Supplied material =
# # #
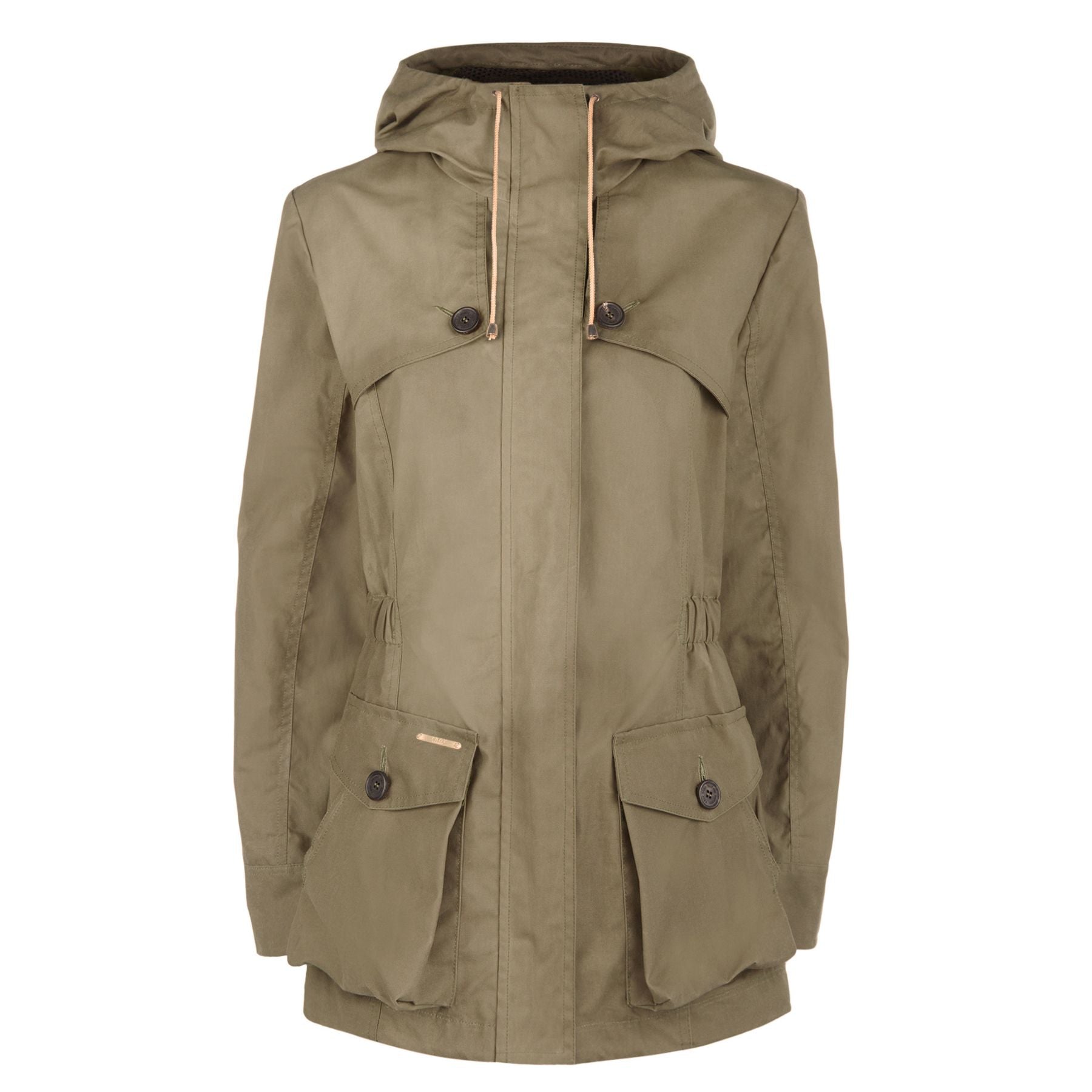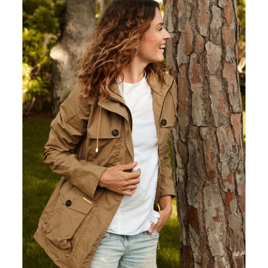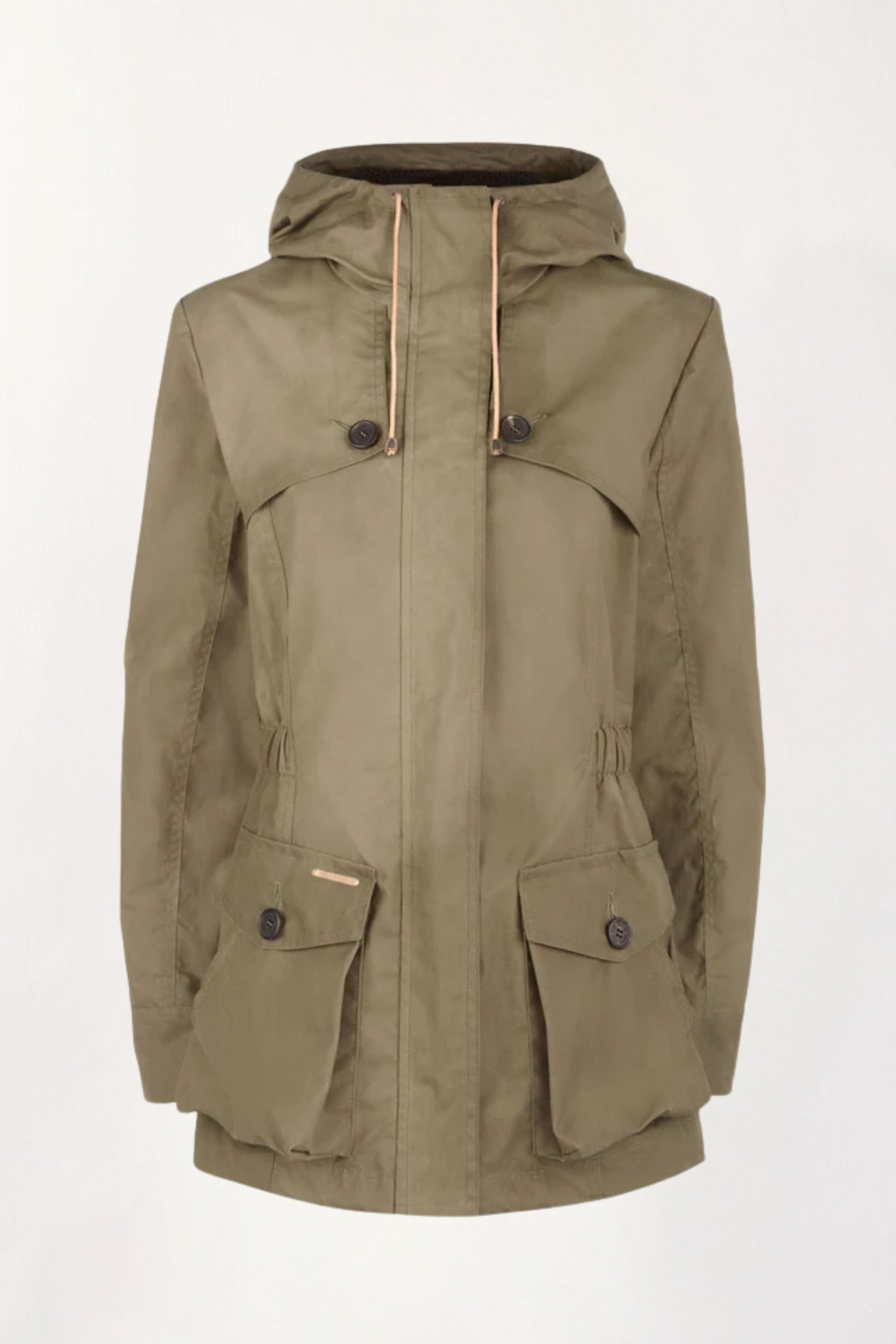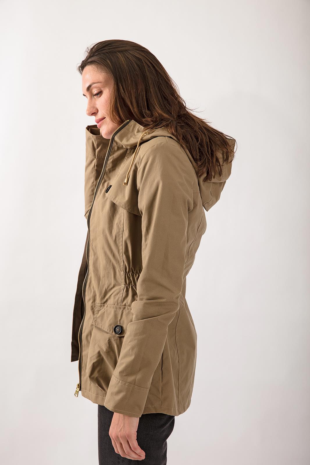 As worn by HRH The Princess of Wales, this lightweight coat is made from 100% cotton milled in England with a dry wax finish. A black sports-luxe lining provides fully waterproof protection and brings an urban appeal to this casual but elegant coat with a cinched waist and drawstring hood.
# # #
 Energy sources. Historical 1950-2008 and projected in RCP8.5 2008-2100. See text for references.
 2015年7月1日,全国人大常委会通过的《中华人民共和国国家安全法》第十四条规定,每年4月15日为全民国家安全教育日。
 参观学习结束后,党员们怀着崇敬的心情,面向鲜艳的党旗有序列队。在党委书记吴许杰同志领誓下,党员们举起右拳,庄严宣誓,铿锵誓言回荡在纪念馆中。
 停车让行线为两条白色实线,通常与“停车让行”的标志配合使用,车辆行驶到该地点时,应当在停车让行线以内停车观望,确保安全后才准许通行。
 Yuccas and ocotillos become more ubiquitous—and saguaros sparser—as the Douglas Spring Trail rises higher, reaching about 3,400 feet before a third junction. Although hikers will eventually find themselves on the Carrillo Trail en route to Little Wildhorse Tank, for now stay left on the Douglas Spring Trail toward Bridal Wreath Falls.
# # #
Look above for the line holding "参观学习结束后,党员们怀着崇" and the line holding "Yuccas and ocotillos". Retype both, and every line between them, word for word and nothing else.

Result for this exercise =
 参观学习结束后,党员们怀着崇敬的心情,面向鲜艳的党旗有序列队。在党委书记吴许杰同志领誓下,党员们举起右拳,庄严宣誓,铿锵誓言回荡在纪念馆中。
 停车让行线为两条白色实线,通常与“停车让行”的标志配合使用,车辆行驶到该地点时,应当在停车让行线以内停车观望,确保安全后才准许通行。
 Yuccas and ocotillos become more ubiquitous—and saguaros sparser—as the Douglas Spring Trail rises higher, reaching about 3,400 feet before a third junction. Although hikers will eventually find themselves on the Carrillo Trail en route to Little Wildhorse Tank, for now stay left on the Douglas Spring Trail toward Bridal Wreath Falls.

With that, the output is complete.